Functional comparison of Fc epsilon RI, Fc gamma RII, and Fc gamma RIII in mast cells

Abstract The cellular responses initiated by cross-linking rodent Fc gamma RII-b1, Fc gamma RII-b2, Fc gamma RIII, and Fc epsilon RI in mast cells were compared. Individual murine Fc gamma R isoforms were transfected into rat basophilic leukemia cells and after cross-linking the FcR, changes in the phosphorylation of protein tyrosines, in the level of intracellular Ca2+, in the hydrolysis of phosphoinositides, and in the release of arachidonic acid metabolites and hexosaminidase were monitored.
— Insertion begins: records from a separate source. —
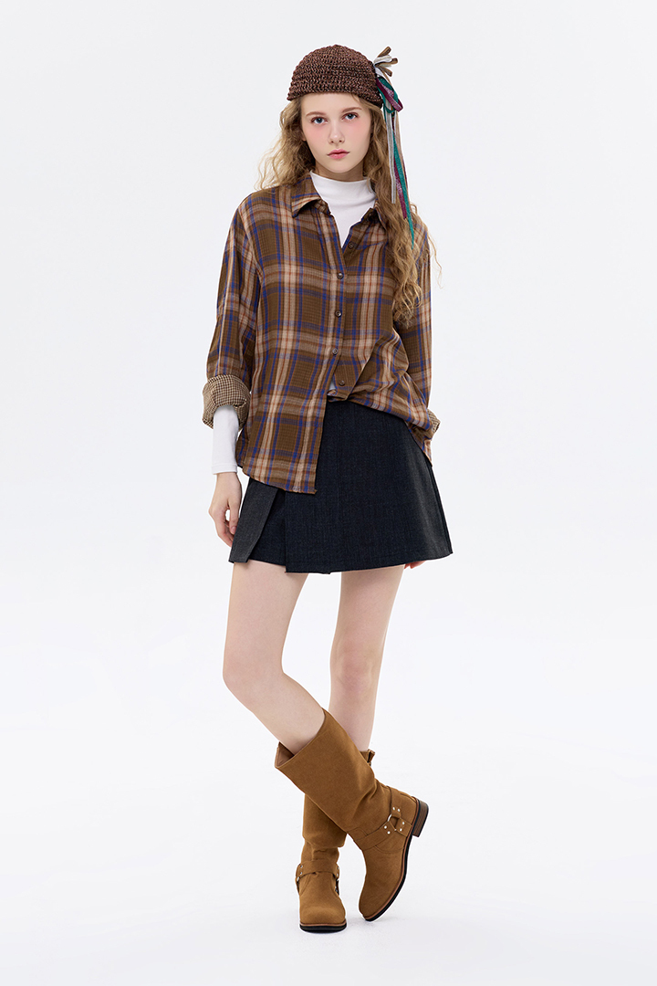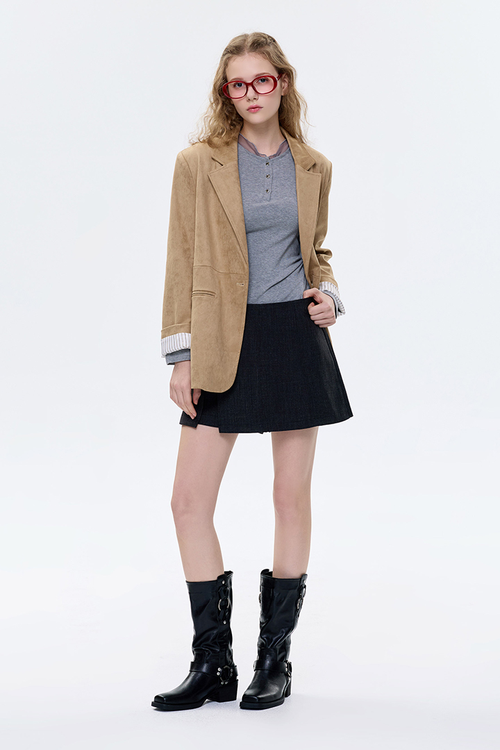 開岔小腰帶設計,毛呢短褲裙修飾腰型。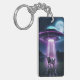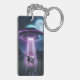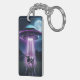 Mysterious scene of a UFO lifting a cow in a beam of light against the backdrop of a night sky with a full moon. Perfect illustration for fans of science fiction, and fantastic stories about contact with extraterrestrial civilizations.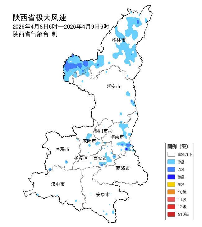 预计今天白天到晚上陕北、关中北部、秦岭山区有6级以上阵风,局地可达8级。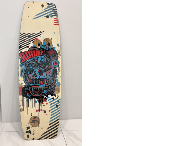 This skateboard, though not new, shows signs of a well-enjoyed life, which skate enthusiasts often a..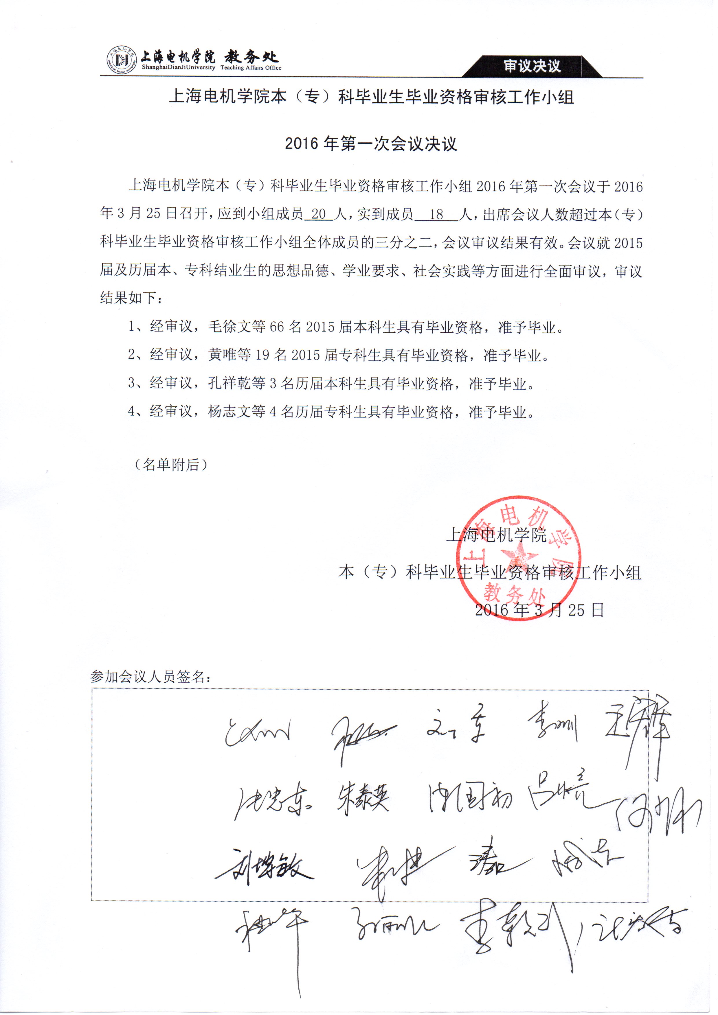 上海电机学院毕业资格审核工作小组于2016年3月25日召开了2016年第一次工作会议,会议对2015届结业学生及历届结业生的毕业资格进行了审议,现予以公示。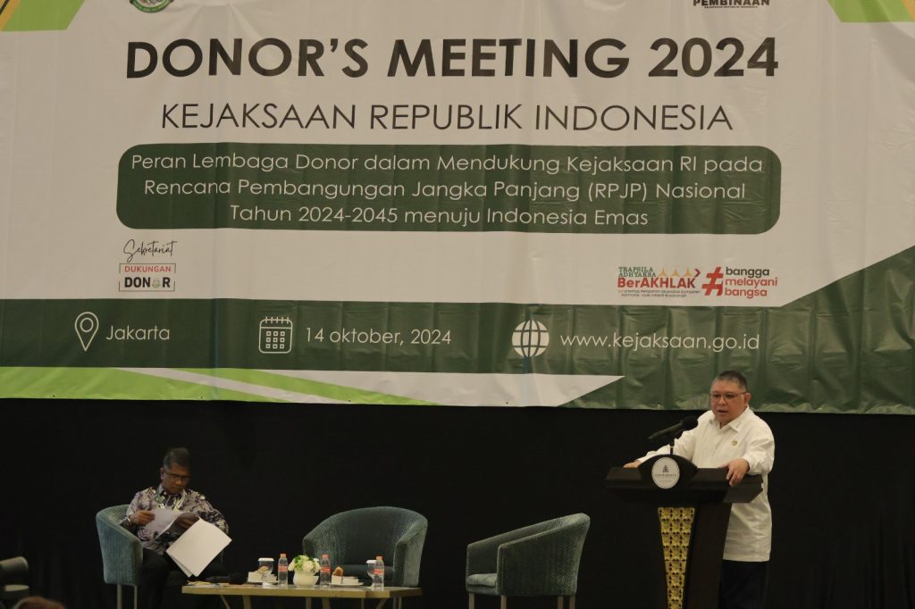 Jaksa Agung Muda Perdata dan Tata Usaha Negara (JAM-Datun) R. Narendra Jatna menyampaikan paparan terkait tugas dan fungsi baru Kejaksaan berdasarkan Undang-Undang Nomor 11 Tahun 2021. Hal tersebut disampaikan saat ia menjadi narasumber dalam acara Donor’s Meeting Kejaksaan RI Tahun 2024, yang berlangsung pada Senin, 14 Oktober 2024, di Gedung Tribrata, Dharmawangsa, Jakarta Selatan. Acara ini bertujuan untuk menjalin kerjasama dan dukungan dalam penguatan penegakan hukum di Indonesia.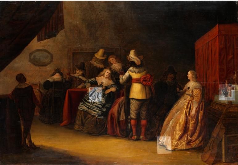 GESELLSCHAFT IN EINEM NIEDERLÄNDISCHEN INNENRAUM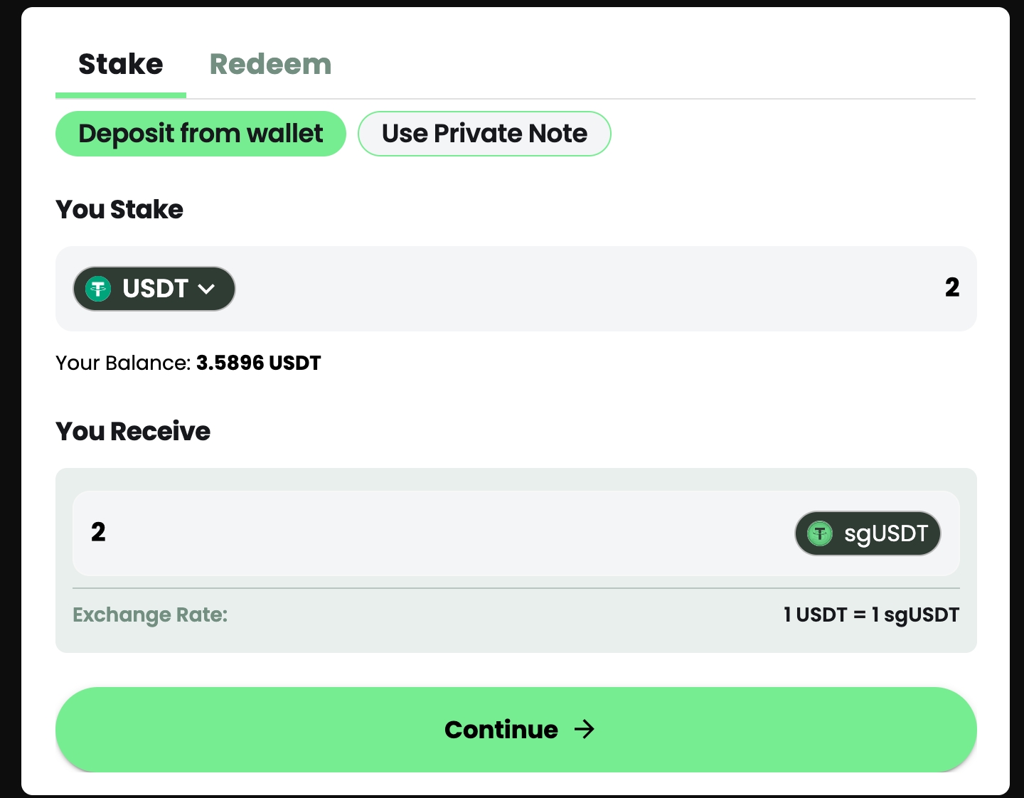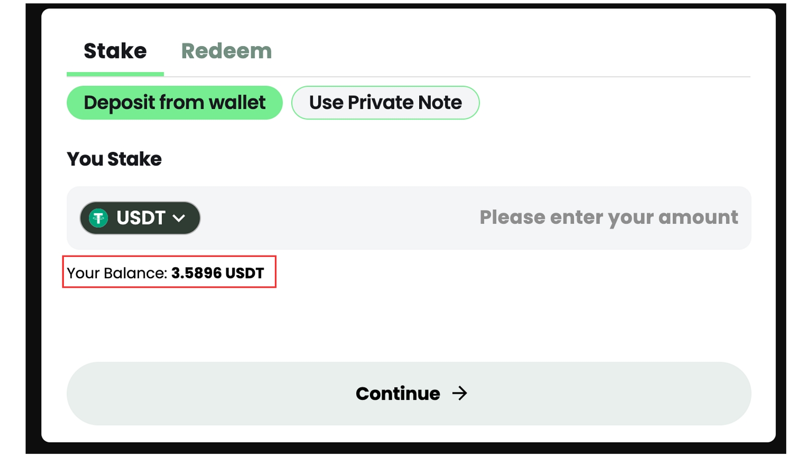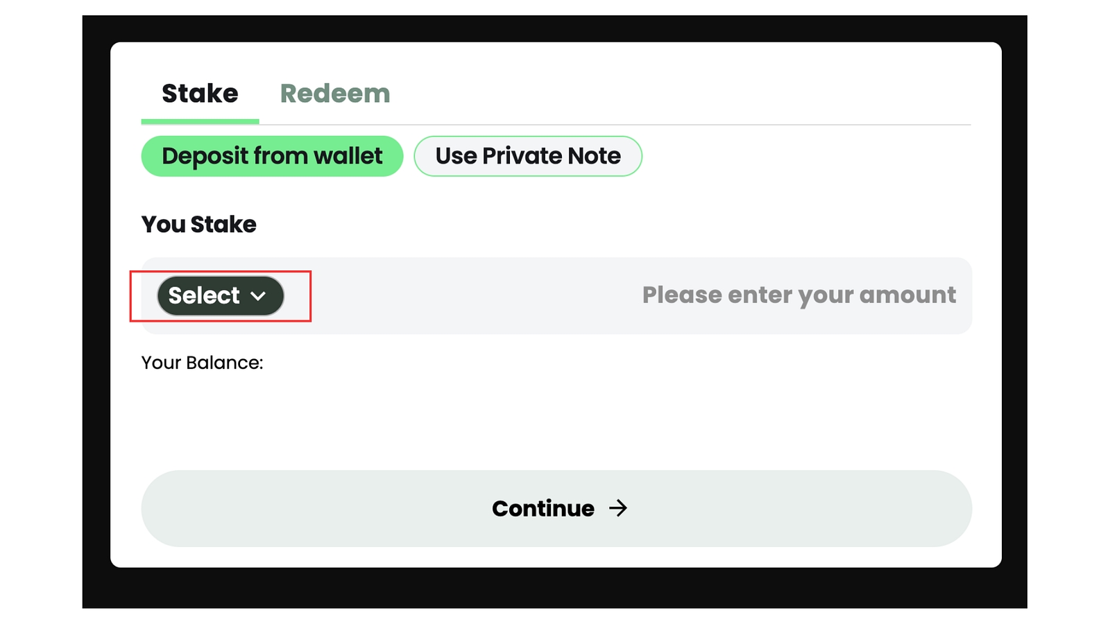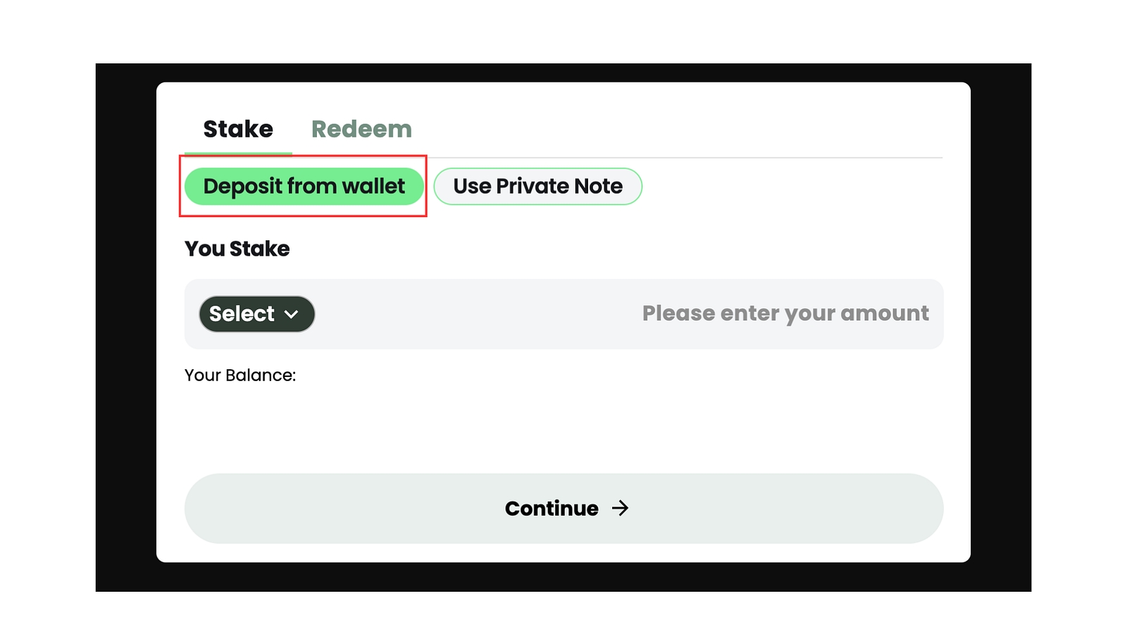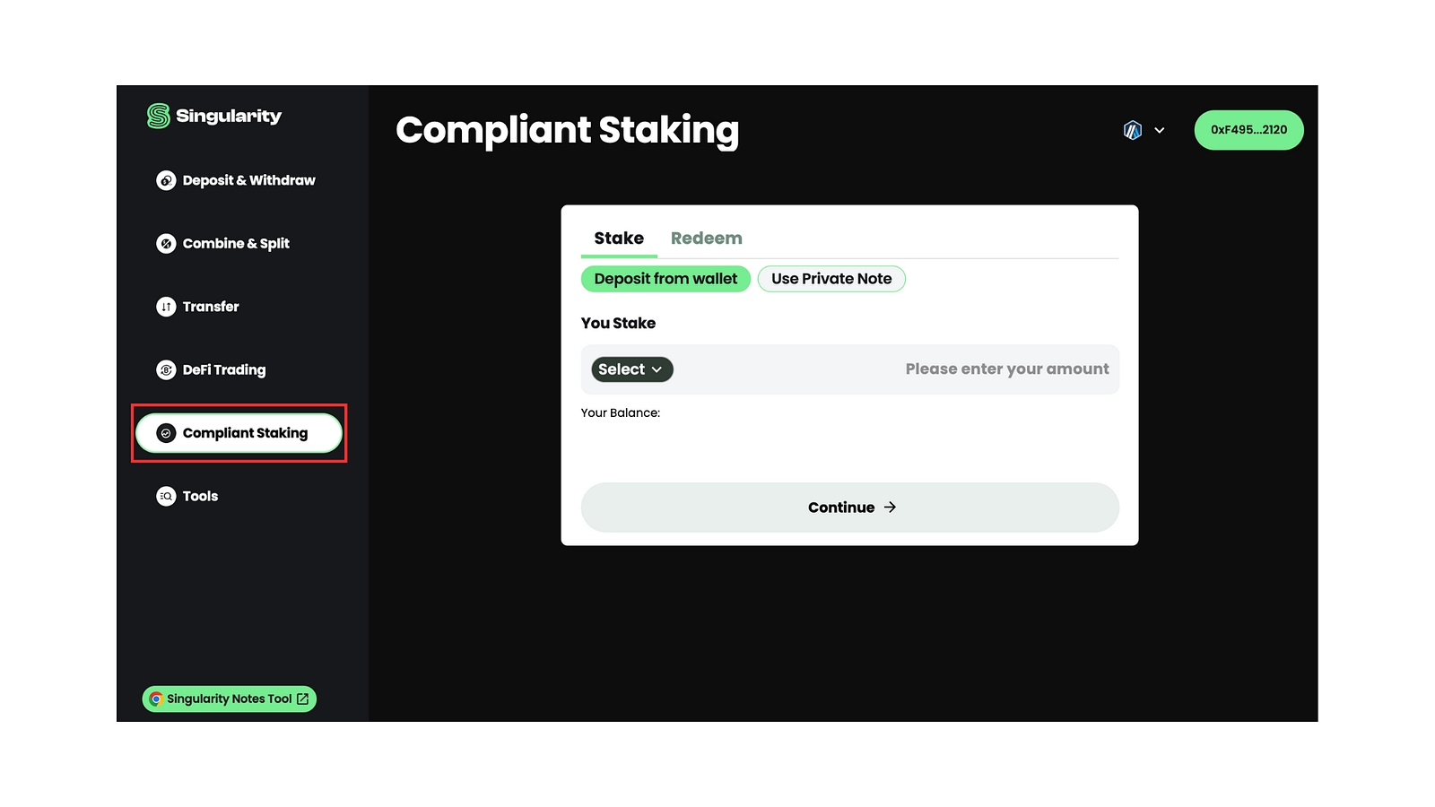 As you can see there are two ways to commence Compliant Staking: 1. “Deposit from Wallet” and 2. “Use Private Note”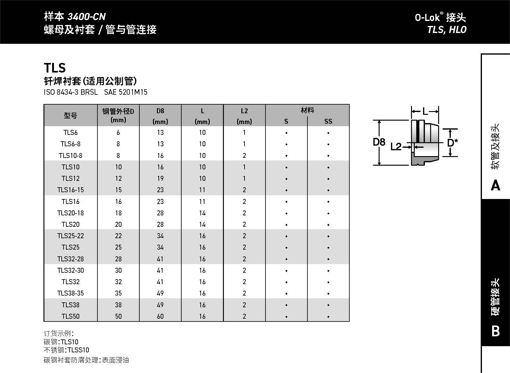 TLS 釬焊襯套(適用公制管) ISO 8434-3 BRSL SAE 5201M15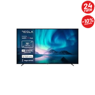 TESLA TV 75E645BUW 4K WebOS,2X12W box zvucnici;Miracast;Airply;Netflix,Prime video,Web browser,Content store,MAX,Disney +,EON,Orion TV,Deezer,Arena cloud-Magicni daljinski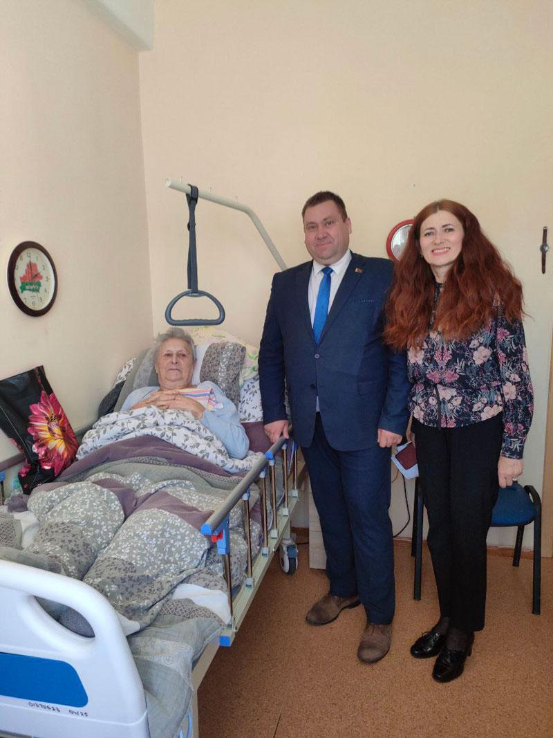 Первый заместитель главы администрации Денис Капитан, заместители главы Владимир Лебедь и Людмила Филиппович, а также начальник управления социальной защиты Светлана Петрова поздравили участников Великой Отечественной войны.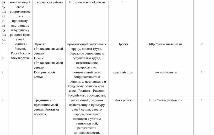 (Знакомство с понятиями: поколение, потомки, предки. События, которые отразились в истории семьи.)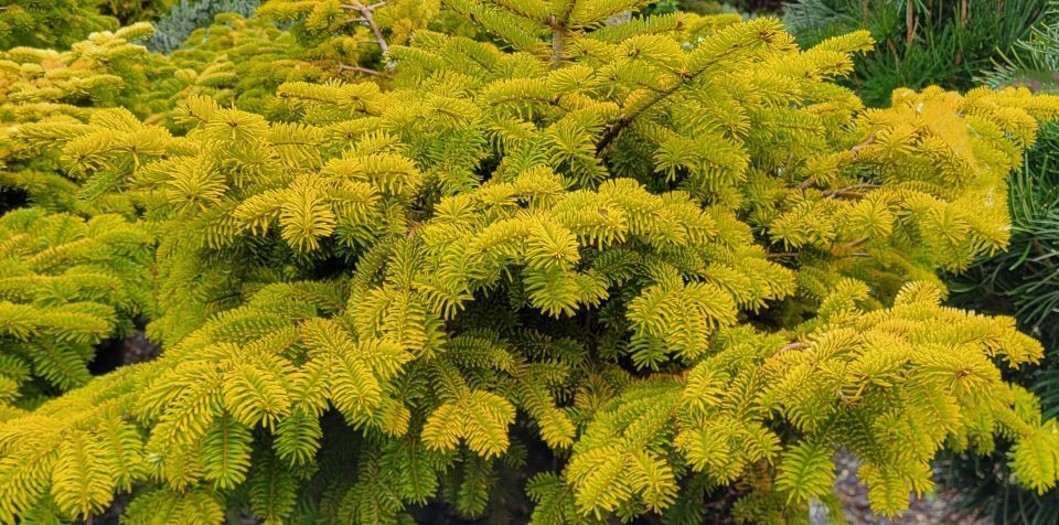 and sturdy conifers are the Golden Spreader Nordmann fir, with its prostrate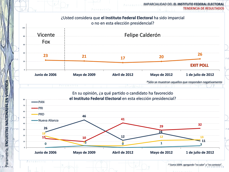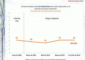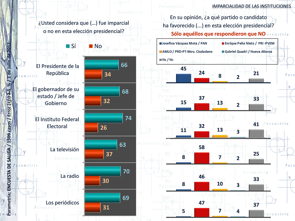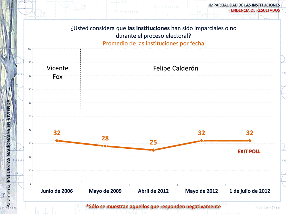 Durante las elecciones de 2006, 2009, y 2012, Parametría ha dado seguimiento a la percepción que los ciudadanos tienen de las instituciones mexicanas respecto a su conducción en las contiendas. Desde las elecciones de 2006 hasta las contiendas de 2012, una tercera parte de los mexicanos desconfía de la imparcialidad de las instituciones en general. Ésta constancia se observa en 2006 y 2012, años en los que se votó para elegir Presidente de la República.

Cross-linking of Fc gamma RIII initiated all of these early and late biochemical functions, and although they were quantitatively somewhat smaller, the responses were qualitatively indistinguishable from those stimulated by the endogenous Fc epsilon RI. However, despite ample expression, neither Fc gamma RII-b1 nor Fc gamma RII-b2 stimulated these functions when cross-linked. The functional differences between Fc gamma RII and Fc gamma RIII were studied further by assessing the responses to cross-linking of the endogenous Fc gamma R (Fc gamma RII-b1, Fc gamma RII-b2, and Fc gamma RIII) on P815 mouse mastocytoma cells that had been transfected with normal or functionally defective Fc epsilon RI. Two types of mutant subunits had previously been observed to impair the activity of Fc epsilon RI: gamma-chains missing the cytoplasmic domain, and beta-chains missing the COOH-terminal cytoplasmic domain. In both types of transfectants the functional inhibition of the endogenous Fc gamma R paralleled that of the transfected Fc epsilon RI. These results are consistent with the gamma subunit being associated with the functions of Fc gamma RIII as well as of Fc epsilon RI. The functional results also complement the recently reported evidence that Fc gamma RIII can interact with Fc epsilon RI beta-subunits (J. Exp. Med. 175:447, 1992).